Skin rash occurs in approximately 18% of patients receiving delavirdine; it typically occurs during the first 1-3 weeks of therapy and does not preclude rechallenge. However, severe rash such as erythema multiforme and Stevens-Johnson syndrome have rarely been reported. Other possible adverse effects are headache, fatigue, nausea, diarrhea, and increased serum aminotransferase levels. Delavirdine has been shown to be teratogenic in rats, causing ventricular septal defects and other malformations at dosages not unlike those achieved in humans. Thus, pregnancy should be avoided when taking delavirdine.
Delavirdine is extensively metabolized to inactive metabolites by the CYP3A and CYP2D6 enzymes and also inhibits CYP3A4 and 2C9. Therefore, there are numerous potential drug-drug interactions to consider (Tables 49-3 and 49-4). Because of this effect, however, co-administration with delavirdine may allow indinavir or saquinavir to be dosed twice daily rather than the usual three times a day.

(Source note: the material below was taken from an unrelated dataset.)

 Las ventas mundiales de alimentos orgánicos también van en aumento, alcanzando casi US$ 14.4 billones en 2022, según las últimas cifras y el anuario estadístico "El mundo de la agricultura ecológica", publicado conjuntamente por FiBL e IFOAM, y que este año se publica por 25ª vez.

The concurrent use of delavirdine with amprenavir/fosamprenavir and rifabutin is not recommended because of decreased delavirdine levels.
EFAVIRENZ
Efavirenz can be given once daily because of its long half-life (40-55 hours). It is moderately well absorbed following oral administration (45%). Since toxicity may increase owing to increased bioavailability after a high-fat meal, efavirenz should be taken on an empty stomach. Peak plasma concentrations occur 3-5 hours after administration of daily doses; steady-state plasma concentrations are reached in 6-10 days. Efavirenz is principally metabolized by CYP3A4 and CYP2B6 to inactive hydroxylated metabolites; the remainder is eliminated in the feces as unchanged drug. It is highly bound to albumin (~ 99%), and cerebrospinal fluid levels range from 0.3% to 1.2% of plasma levels.

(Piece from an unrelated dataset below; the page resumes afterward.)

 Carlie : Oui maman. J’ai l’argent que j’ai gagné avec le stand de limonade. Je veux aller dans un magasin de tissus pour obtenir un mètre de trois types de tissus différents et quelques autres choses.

The principal adverse effects of efavirenz involve the central nervous system (dizziness, drowsiness, insomnia, headache, confusion, amnesia, agitation, delusions, depression, nightmares, euphoria); these may occur in up to 50% of patients and may be severe. However, they tend to resolve after the first month of treatment. Skin rash has also been reported early in therapy in up to 28% of patients, is usually mild to moderate in severity, and typically resolves despite continuation. Other potential adverse reactions are nausea, vomiting, diarrhea, crystalluria, elevated liver enzymes, and an increase in total serum cholesterol by 10-20%. High rates of fetal abnormalities occurred in pregnant monkeys exposed to efavirenz in doses roughly equivalent to the human dosage; several cases of congenital anomalies have been reported in humans. Therefore, efanirenz should be avoided in pregnant women, particularly in the first trimester.
Efavirenz is both an inducer and an inhibitor of CYP3A4, thus inducing its own metabolism and interacting with the metabolism of many other drugs (Tables 49-3 and 49-4).
NEVIRAPINE
The oral bioavailability of nevirapine is excellent (~ 90%) and is not food-dependent. The drug is highly lipophilic and achieves cerebrospinal fluid levels that are 45% of those in plasma. Serum half-life is 25-30 hours. It is extensively metabolized by the CYP3A isoform to hydroxylated metabolites and then excreted, primarily in the urine.
In addition to its use as a component of a combination antiretroviral regimen, a single dose of nevirapine (200 mg) has been shown to be effective in the prevention of transmission of HIV from mother to newborn when administered to women at the onset of labor and followed by a 2-mg/kg oral dose to the neonate within 3 days after delivery. However, resistance has been documented after this single dose.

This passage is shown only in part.